Mouse xenogeneic GVHD with residual B-cell leukemia model
NSG mice were irradiated at 1.2 Gy and received intravenously 5 × 106 freshly isolated human PBMCs and 5 × 105 NALM6-GFP.FFluc (β2mKO) (or 3 × 106 BV173-GFP.FFluc [β2mKO]) on the following day, followed by 5 × 106 control mEmerald-expressing or ADR/CAR-expressing T cells generated from the same PBMC donor 4 days later. Tumor progression was monitored by injecting mice intraperitoneally with 100 μL D-luciferin (30 mg/mL, PerkinElmer Inc) followed by bioluminescence imaging using an IVIS Lumina II imaging system and analyzed by Living Image 4.5 software (Caliper Life Sciences). Body weights were measured at specified time points, and clinical scoring (on a scale of 0 to 10) was based on previously described methods.47 Mice were euthanized when they developed signs of excessive tumor burden or when weight loss exceeded 20% of baseline.
Statistics
Statistical tests are indicated in the figure legends and were performed using Prism 6 software (GraphPad).
Results
Expression of OX40 on activated pathogenic T cells
OX40 upregulation has been detected in peripheral blood T cells in GVHD patients following allo-HSCT.48,49 However, its expression on T cells that infiltrate target organs in aGVHD has not been well documented. To validate OX40-targeting in the context of aGVHD, we measured its expression on T cells isolated from rhesus macaques that underwent allo-HSCT without GVHD prophylaxis (Figure 1A), which allowed us to study GVHD biology in an immunosuppression-free setting and obtain data from multiple peripheral tissues that are inaccessible in patients. Allo-HSCT in this NHP model induces aGVHD that closely recapitulates human disease.44,50,51 Compared with control animals receiving autologous bone marrow (Auto), animals in the allogeneic transplantation group developed aGVHD with concomitant OX40 upregulation on T cells in peripheral blood (Figure 1B, supplemental Figure 1A). We also detected elevated levels of OX40 on T cells in lymphoid and nonlymphoid tissues that are commonly infiltrated by host-reactive T cells (Figure 1C). OX40 expression was more prevalent on CD4+ T cells compared with CD8+ T cells (Figure 1B-C) and was predominantly restricted to effector and memory T-cell subsets, reflecting their activated functional state (supplemental Figure 1B-E).

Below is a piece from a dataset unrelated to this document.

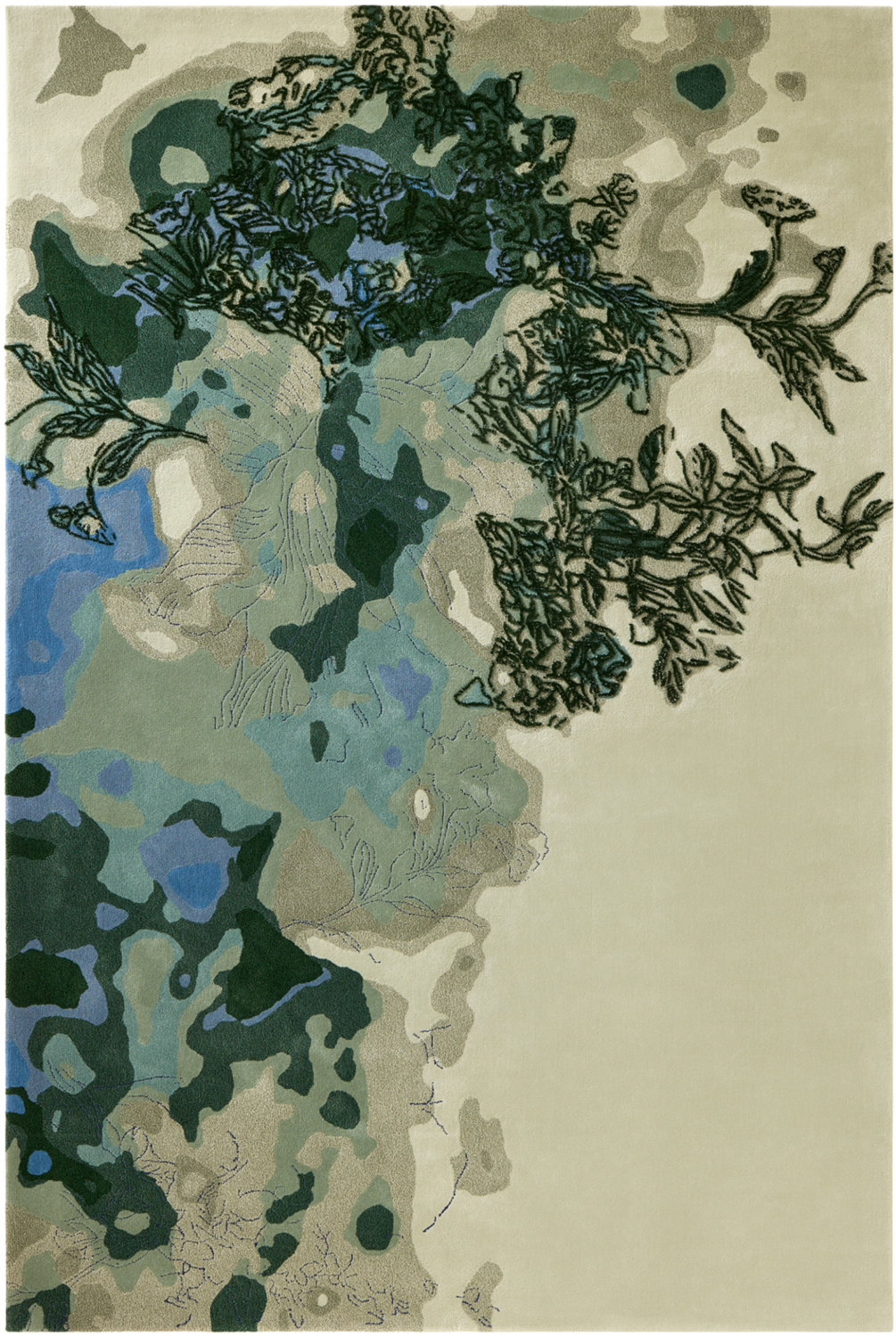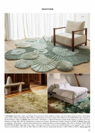 Côté Paris presents the Floras Jade rug from the Florae Folium Series by Sam Baron. The design evokes a lush bouquet, with monochrome linework reminiscent of engraving, unfolds across the surface of the rug in a tone-on-tone harmony of greens, made of New Zealand wool.
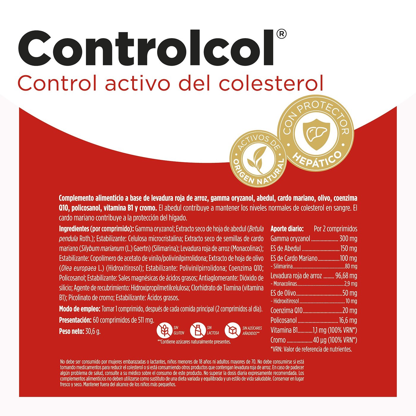 Controlcol 60 Tablets é um suplemento alimentar que ajuda a manter os níveis normais de colesterol no sangue e a proteger o fígado. Com ingredientes como fermento de arroz vermelho, ga,a orizanol, bétula, cardo leiteiro, azeitona, coenzima Q10, policosanol, vitamina B1 e crómio, este produto oferece uma solução natural para o cuidado cardiovascular.

Next, we evaluated the kinetics of OX40 expression on primary human T cells. OX40 was not detected on resting human T cells but was rapidly upregulated upon in vitro stimulation with plate-bound CD3 and CD28 monoclonal antibodies (Figure 1D, supplemental Figure 2A). Following removal of stimulatory antibodies on day 2, OX40 expression gradually decreased (Figure 1D) and was upregulated again following restimulation (supplemental Figure 2B). Consistent with the observations in the NHP model, CD4+ T cells had a higher magnitude and duration of OX40 upregulation compared with CD8+ T cells (Figure 1D). OX40 expression was also elevated on alloreactive human T cells stimulated in a mixed lymphocyte reaction (MLR) assay in which CellTrace Violet (CTV)-labeled PBMCs (Responder) were mixed with irradiated allogeneic PBMCs (Stimulator) (Figure 1E). OX40 was upregulated on actively dividing (CTVLo) responder T cells compared with minimally divided (CTVHi) T cells, with a higher level of expression on stimulated/proliferating CD4+ T cells compared with CD8+ T cells (Figure 1F). These results suggest that OX40 is a suitable marker for selective targeting of activated pathogenic T cells in aGVHD.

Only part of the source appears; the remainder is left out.